What you will do:
Your answer should consist of the lines in the following data that contain "Esperanto".
──────────
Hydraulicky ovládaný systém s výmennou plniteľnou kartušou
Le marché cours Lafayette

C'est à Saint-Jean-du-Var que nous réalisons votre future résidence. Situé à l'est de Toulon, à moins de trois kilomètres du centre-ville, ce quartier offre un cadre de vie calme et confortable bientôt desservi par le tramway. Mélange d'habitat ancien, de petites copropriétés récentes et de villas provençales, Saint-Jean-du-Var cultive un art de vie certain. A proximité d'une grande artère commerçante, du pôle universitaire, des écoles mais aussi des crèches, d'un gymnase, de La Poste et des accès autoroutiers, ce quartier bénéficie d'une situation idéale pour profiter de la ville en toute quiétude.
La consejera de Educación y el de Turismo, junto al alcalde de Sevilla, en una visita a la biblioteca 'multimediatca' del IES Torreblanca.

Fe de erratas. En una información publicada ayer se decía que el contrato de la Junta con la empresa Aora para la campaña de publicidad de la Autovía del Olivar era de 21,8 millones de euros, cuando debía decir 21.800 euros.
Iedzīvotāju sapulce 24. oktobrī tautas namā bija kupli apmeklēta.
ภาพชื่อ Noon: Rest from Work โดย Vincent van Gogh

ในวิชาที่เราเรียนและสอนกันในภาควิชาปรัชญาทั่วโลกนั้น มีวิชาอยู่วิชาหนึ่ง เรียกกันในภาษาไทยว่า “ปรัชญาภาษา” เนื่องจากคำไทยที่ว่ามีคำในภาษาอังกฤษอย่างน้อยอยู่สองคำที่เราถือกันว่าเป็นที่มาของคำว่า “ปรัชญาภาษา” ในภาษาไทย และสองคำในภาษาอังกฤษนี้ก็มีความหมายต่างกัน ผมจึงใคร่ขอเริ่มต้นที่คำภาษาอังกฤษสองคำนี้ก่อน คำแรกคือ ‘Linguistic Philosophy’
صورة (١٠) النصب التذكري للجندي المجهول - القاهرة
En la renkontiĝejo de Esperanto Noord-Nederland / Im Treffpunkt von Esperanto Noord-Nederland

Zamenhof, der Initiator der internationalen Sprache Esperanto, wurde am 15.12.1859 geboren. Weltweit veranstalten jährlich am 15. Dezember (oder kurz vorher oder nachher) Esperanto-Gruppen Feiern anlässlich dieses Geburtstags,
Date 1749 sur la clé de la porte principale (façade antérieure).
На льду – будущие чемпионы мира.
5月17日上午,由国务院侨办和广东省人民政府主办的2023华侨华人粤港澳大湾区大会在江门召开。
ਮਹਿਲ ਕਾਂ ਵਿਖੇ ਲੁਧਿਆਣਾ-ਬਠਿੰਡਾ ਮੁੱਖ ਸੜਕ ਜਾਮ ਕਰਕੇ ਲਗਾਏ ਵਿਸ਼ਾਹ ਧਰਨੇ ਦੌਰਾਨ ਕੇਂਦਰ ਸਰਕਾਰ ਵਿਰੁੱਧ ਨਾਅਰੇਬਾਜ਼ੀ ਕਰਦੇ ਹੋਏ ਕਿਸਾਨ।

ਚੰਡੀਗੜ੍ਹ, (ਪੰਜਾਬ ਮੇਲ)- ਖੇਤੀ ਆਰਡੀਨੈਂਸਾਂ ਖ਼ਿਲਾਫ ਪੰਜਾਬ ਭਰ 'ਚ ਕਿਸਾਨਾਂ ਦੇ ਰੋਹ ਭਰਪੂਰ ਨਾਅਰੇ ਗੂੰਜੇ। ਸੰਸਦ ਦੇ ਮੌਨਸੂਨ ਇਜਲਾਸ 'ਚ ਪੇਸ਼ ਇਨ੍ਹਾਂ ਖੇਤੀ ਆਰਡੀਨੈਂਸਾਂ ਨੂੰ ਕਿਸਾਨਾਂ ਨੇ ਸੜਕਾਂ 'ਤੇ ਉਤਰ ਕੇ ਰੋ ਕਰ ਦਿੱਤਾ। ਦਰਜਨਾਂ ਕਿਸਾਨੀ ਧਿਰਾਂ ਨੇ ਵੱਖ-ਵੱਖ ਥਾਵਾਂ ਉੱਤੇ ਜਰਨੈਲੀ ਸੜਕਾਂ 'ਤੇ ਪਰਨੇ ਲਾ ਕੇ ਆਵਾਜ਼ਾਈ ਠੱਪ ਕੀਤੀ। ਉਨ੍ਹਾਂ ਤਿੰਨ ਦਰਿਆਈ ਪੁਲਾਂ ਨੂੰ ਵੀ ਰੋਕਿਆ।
──────────
Result below:
En la renkontiĝejo de Esperanto Noord-Nederland / Im Treffpunkt von Esperanto Noord-Nederland
Zamenhof, der Initiator der internationalen Sprache Esperanto, wurde am 15.12.1859 geboren. Weltweit veranstalten jährlich am 15. Dezember (oder kurz vorher oder nachher) Esperanto-Gruppen Feiern anlässlich dieses Geburtstags,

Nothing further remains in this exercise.